Вся «вышеизложенная» апелляция касается больше не меня, а моих друзей, я же все это лишь только предчувствую.
Опасений за литературную неудачу, говорю я, у меня нет, хотя это только внешне. До сего дня не могу понять я формулы об «установившемся писателе». Кажется, придумана эта формула людьми религиозными, любящими спокойствие, подобно тому, как отцами церкви решены все вопросы душеспасения и основ. И вот не могу я «установиться» и в каждой новой работе своей «мятусь», так что дни мои исполнены сомнений, и так я живу. Может быть, это слегка и глуповато, но верно вы сказали о моей «одержимости».

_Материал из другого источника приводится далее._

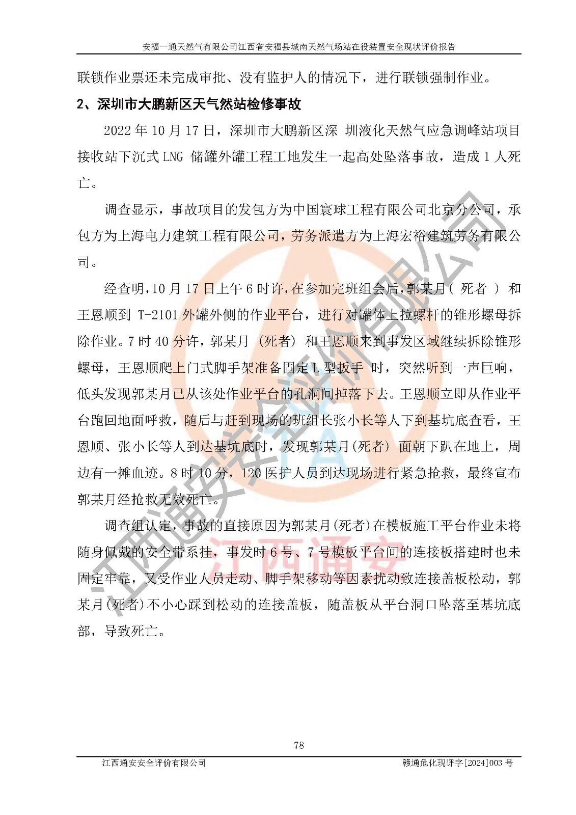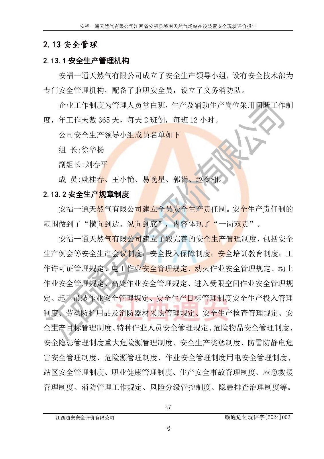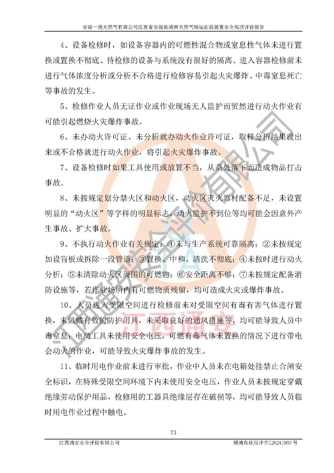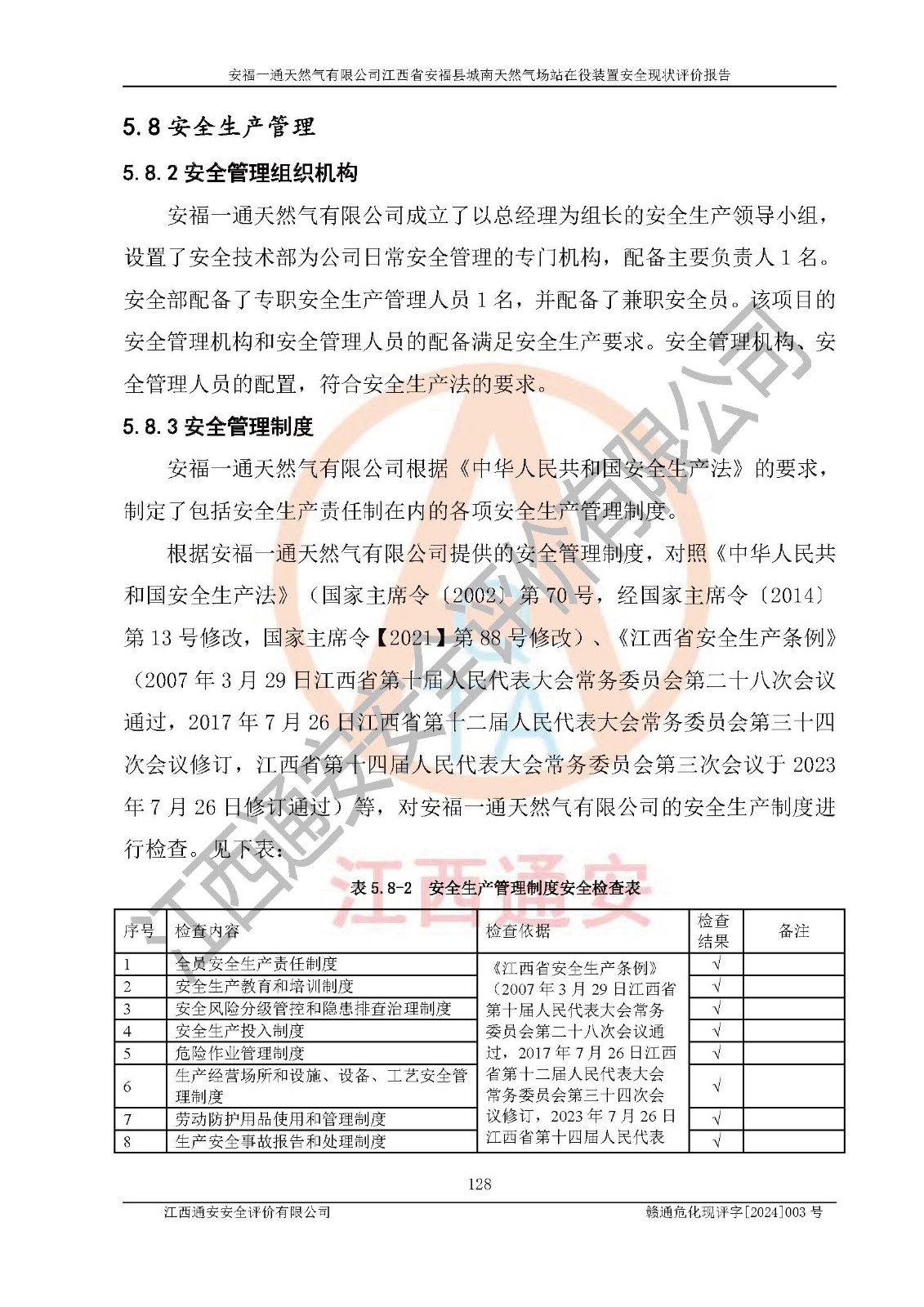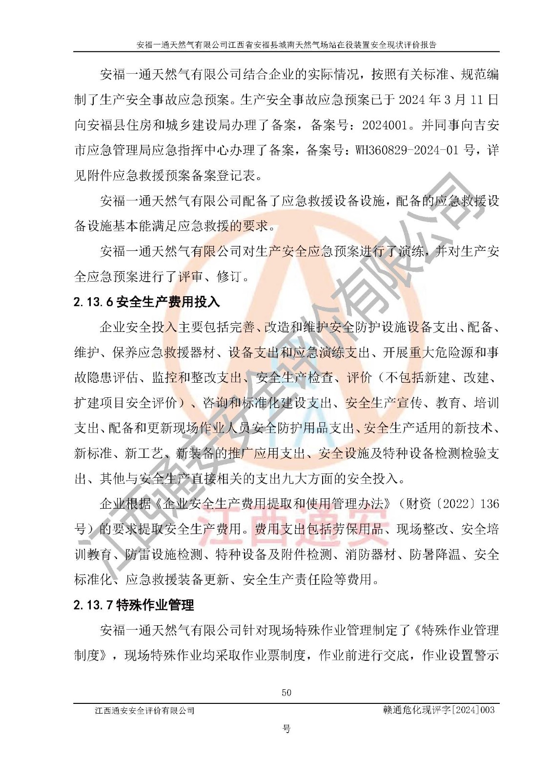 評價報告名稱 | 安福一通天然氣有限公司江西省安??h城南天然氣場站在役裝置安全現(xiàn)狀評價報告 | |||

В романе будут у меня такие люди: «иногородние» уральцы, т[о] е[сть] купцы Нижне-Уральска, казаки с фарфосов (форпостов), немного волжан, много столичной интеллигенции — питерцев, иностранных людей немного; зверств тоже немного, смертей среднее количество, ужасов — в меру. Время наше, т[о] е[сть] и предвоенные годы, и теперешний Ленинград, и даже гражданская война, но тоже в умеренной дозе (будет бой сынов с отцами на реке Чагане). Вообще хочется сказать о времени такое, что оно вовсе не нарублено кусочками, как капуста, а целостно, и что так называемая современность деликатно заготовлена нам нашими многоуважаемыми родителями. Трудность тут в композиции, черт ее знает, как свернуть в трубку конец прошлого века с пятым и двадцать пятым годами! Надеюсь, что сравнительная независимость, которой я ныне добился, поможет мне справиться с работой. А впрочем — как знать?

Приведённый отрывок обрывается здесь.